Kasepuhan Adat Sinnaresmi
Perjalanan selanjutnya adalah menuju Kasepuhan Adat Sinarresmi; lokasi kami tinggal selama beberapa hari kedepan. Kasepuhan Adat ini merupakan salah satu kearifan lokal yang dilestarikan sekaligus realisasi program pembangunan Unesco Global Geopark Ciletuh. Abah Asep dan keluarganya, adalah salah satu pihak yang berperan lantaran telah menjaga tempat ini secara turun-temurun. Penduduk desanya yang someah serta patuh dengan budayanya adalah ciri khas yang membuat mereka unik. Disana, kami disambut dengan tabuhan lisung dan tarian adat. Diantara aturan yang harus dipatuhi apabila hendak menginap di tempat ini, adalah memakai iket (ikat kepala yang terbuat dari kain batik) bagi laki-laki dan kain batik (kain dililit dari pinggang sampai kaki) bagi perempuan.
Pemaparan materi dan penyambutan dari ahli staff bupati bidang pendidikan beserta jajarannya dengan pelestarian budaya adat kasepuhan sinnaresmi
Kasepuhan adat ini memiliki sebuah bangunan yang terbuat dari kayu dan bilik kayu. Bangunannya masih berupa panggung yang kokoh. Terdapat dua lantai, lantai satu untuk laki-laki, dan lantai dua untuk perempuan. Setelah berbenah, kami berkumpul di aula kasepuhan yang terletak di depan rumah kasepuhan. Acara selanjutnya yaitu pembukaan untuk tuan rumah dan seluruh pihak yang ikut bekerjasama dalam kegiatan ini, seperti BPBD, Dinas Kecamatan Cisolok, dan Abah Asep selaku warga lokal.

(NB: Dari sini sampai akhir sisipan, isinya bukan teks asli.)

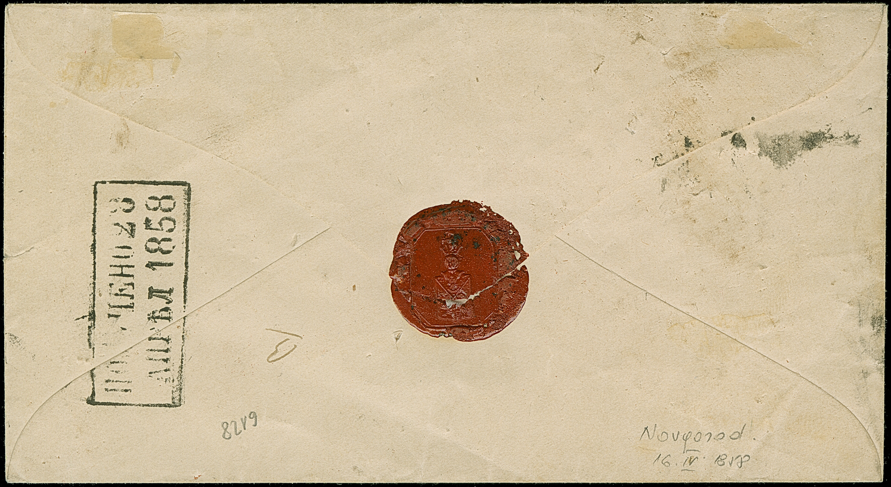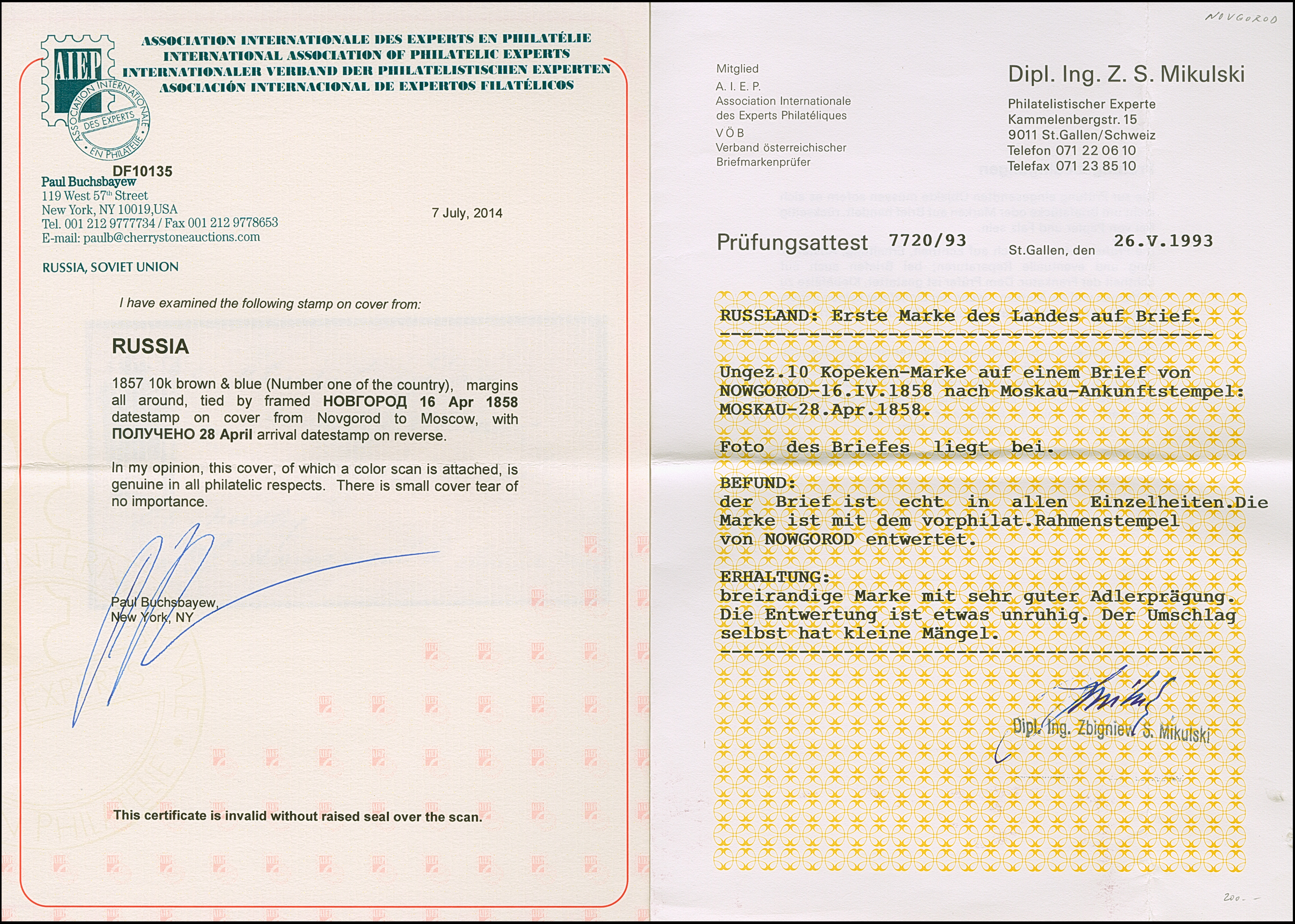 NOVGOROD: 10 kopeck brown & blue, good to large margins, tied by boxed pre-philatelic "NOVGOROD 16 APR"(1858) to envelope (small tear at right) to Moscow, with arrival mark. Very fine and rare; one of just 3 No.1-entires recorded from this city. Certificates Mikulski (1993) and Buchsbayew (2014)
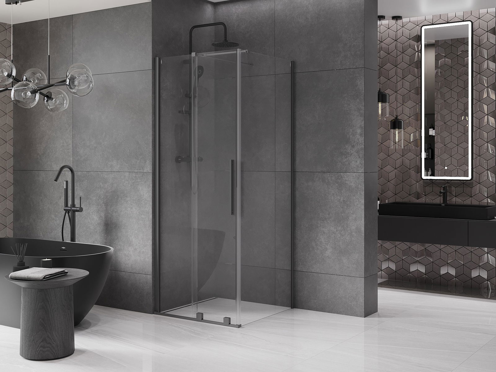 A handy and convenient handle made of stainless steel. The stylish shape combined with a finish that matches the color of the profiles gives a modern and stylish look, highlighting the aesthetics of any bathroom.

“Kasepuhan adat ini sudah didirikan semenjak zaman Rasulullah, oleh salah satu kakek buyut saya. Kemudian menjadi warisan leluhur saya dari generasi ke generasi. Sampai pada saya yang sekarang bertugas tetap mempertahankan Kasepuhan Adat ini hingga ke generasi selanjutnya. Terlebih lagi, kasepuhan adat ini masuk dalam program pembangunan UGG Ciletuh” tutur Abah Asep dalam sambutannya.
Selama empat hari kami tinggal di Kasepuhan, terdapat beberapa cerita tentang fasilitas dan makanannya. Sempat terjadi kesulitan air untuk kebutuhan mandi dan berwudhu. Kejadian itu mau tak mau membuat kami harus mengantri secara teratur, persis seperti santri yang tinggal di pondok pesantren. Soal makanan, Ambu (istri abah Asep) bersedia menyediakan makanan untuk sarapan, makan siang dan makan malam. Ambu menyediakan makanan khas sunda seperti ayam kecap, sayur lodeh, nasi uduk, telur balado, ayam balado, dan lain-lain. Semuanya lezat. Terutama nasinya yang memiliki rasa yang khas. Rasanya lebih hambar, lebih padat dan lebih mengenyangkan dibanding nasi yang biasa kami santap di Bandung meskipun untuk porsi sedikit. Mungkin karena sistem pertanian disini yang berbeda dengan sistem pertanian biasanya. Disini, cara bertaninya dilakukan sekali dalam setahun. Namun, beras yang didapat sangat melimpah dan mampu menghidupi seluruh warga Sirnaresmi. Beras tidak diperbolehkan dijual, karena sudah dipatenkan untuk masyarakat Sirnaresmi sendiri. Sawahnya pun betul-betul bergantung pada alam. Maksudnya, benar-benar natural dan tidak menggunakan pupuk maupun pestisida yang dapat merubah struktur tanah dan sangat berpengaruh pada unsur zat hara.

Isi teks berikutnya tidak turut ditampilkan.